═══ EXCERPTED DATA
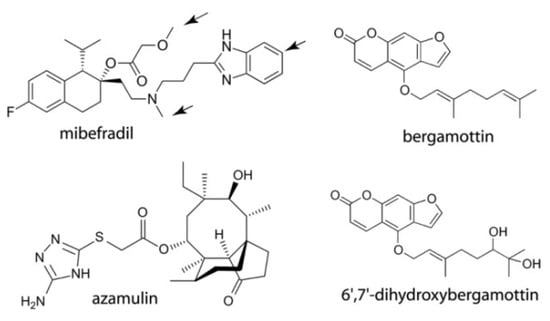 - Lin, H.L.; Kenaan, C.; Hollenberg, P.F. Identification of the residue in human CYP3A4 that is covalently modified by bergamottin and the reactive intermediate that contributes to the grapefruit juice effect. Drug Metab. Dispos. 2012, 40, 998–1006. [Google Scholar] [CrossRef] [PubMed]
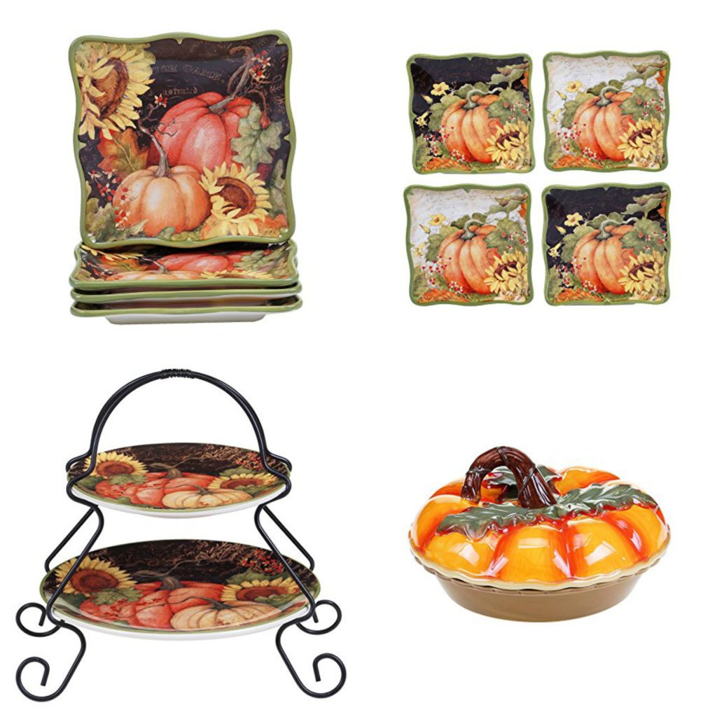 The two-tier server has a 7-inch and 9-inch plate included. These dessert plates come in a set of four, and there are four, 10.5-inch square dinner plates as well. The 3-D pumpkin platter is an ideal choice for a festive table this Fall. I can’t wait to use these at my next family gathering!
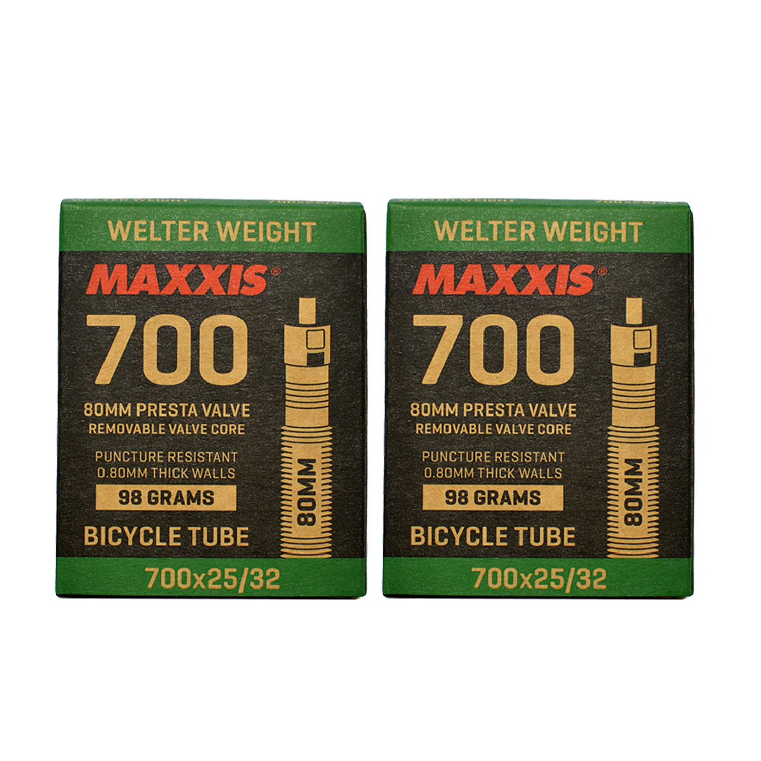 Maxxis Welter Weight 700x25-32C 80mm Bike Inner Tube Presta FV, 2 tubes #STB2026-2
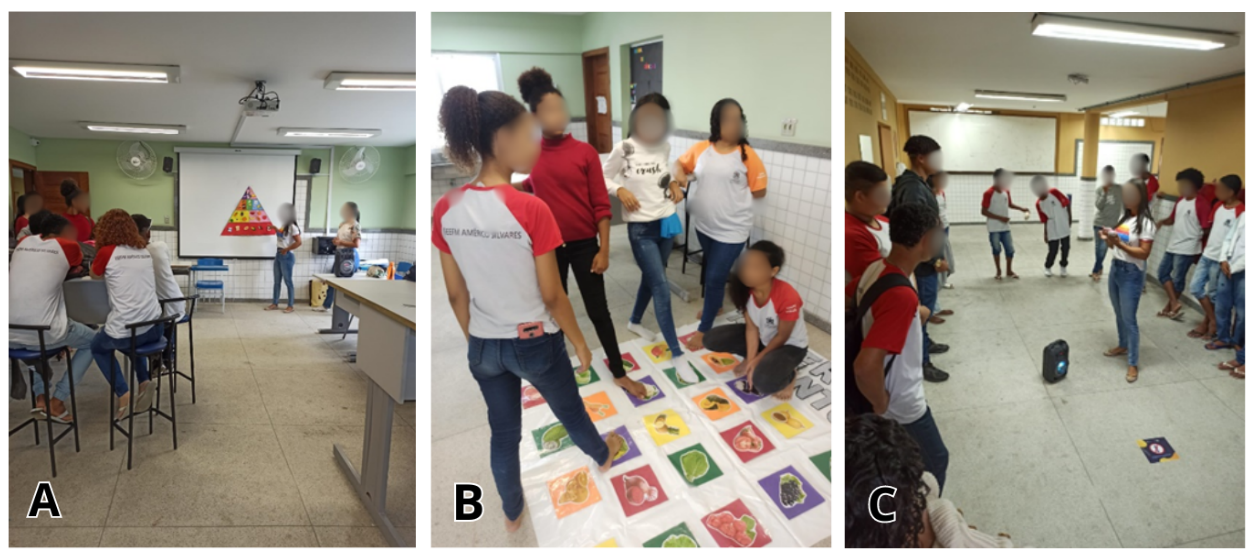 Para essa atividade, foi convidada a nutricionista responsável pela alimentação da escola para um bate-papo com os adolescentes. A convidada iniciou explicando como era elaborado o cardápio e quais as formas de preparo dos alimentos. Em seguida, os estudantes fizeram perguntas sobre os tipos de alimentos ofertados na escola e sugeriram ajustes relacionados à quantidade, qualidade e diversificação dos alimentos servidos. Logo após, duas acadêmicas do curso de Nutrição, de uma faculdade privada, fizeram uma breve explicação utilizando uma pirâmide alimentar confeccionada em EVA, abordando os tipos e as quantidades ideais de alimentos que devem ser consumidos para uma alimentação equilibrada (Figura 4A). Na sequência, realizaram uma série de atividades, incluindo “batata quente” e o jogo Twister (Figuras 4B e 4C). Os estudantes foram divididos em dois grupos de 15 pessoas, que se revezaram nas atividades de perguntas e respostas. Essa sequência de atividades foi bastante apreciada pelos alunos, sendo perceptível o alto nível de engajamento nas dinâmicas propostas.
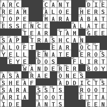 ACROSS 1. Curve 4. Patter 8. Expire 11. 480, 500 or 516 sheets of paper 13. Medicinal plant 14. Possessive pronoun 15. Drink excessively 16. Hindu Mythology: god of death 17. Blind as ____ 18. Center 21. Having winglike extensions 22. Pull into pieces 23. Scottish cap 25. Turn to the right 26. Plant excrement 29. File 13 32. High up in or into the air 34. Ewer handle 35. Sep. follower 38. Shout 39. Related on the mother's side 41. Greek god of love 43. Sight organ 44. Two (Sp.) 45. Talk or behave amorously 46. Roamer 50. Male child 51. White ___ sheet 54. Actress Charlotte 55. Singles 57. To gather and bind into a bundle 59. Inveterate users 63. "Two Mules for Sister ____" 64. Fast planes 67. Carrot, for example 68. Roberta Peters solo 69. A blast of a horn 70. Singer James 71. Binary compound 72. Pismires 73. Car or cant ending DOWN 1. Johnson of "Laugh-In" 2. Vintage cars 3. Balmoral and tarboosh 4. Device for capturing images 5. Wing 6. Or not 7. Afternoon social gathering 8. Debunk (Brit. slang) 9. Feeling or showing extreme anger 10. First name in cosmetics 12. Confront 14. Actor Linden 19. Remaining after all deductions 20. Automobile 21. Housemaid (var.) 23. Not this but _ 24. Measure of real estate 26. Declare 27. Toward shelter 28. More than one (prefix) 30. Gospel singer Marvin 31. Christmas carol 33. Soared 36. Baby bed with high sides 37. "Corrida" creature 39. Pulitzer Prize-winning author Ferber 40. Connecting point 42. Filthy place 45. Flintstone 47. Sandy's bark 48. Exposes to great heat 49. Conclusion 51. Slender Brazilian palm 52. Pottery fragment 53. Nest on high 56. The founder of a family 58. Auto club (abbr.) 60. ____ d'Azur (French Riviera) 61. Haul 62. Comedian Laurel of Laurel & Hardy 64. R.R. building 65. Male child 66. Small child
══════
Return, exactly as they stand, the lines above from the one with "Maxxis Welter Weight" to the one with "Para essa atividade, foi", omitting any pictures among them.

 Maxxis Welter Weight 700x25-32C 80mm Bike Inner Tube Presta FV, 2 tubes #STB2026-2
 Para essa atividade, foi convidada a nutricionista responsável pela alimentação da escola para um bate-papo com os adolescentes. A convidada iniciou explicando como era elaborado o cardápio e quais as formas de preparo dos alimentos. Em seguida, os estudantes fizeram perguntas sobre os tipos de alimentos ofertados na escola e sugeriram ajustes relacionados à quantidade, qualidade e diversificação dos alimentos servidos. Logo após, duas acadêmicas do curso de Nutrição, de uma faculdade privada, fizeram uma breve explicação utilizando uma pirâmide alimentar confeccionada em EVA, abordando os tipos e as quantidades ideais de alimentos que devem ser consumidos para uma alimentação equilibrada (Figura 4A). Na sequência, realizaram uma série de atividades, incluindo “batata quente” e o jogo Twister (Figuras 4B e 4C). Os estudantes foram divididos em dois grupos de 15 pessoas, que se revezaram nas atividades de perguntas e respostas. Essa sequência de atividades foi bastante apreciada pelos alunos, sendo perceptível o alto nível de engajamento nas dinâmicas propostas.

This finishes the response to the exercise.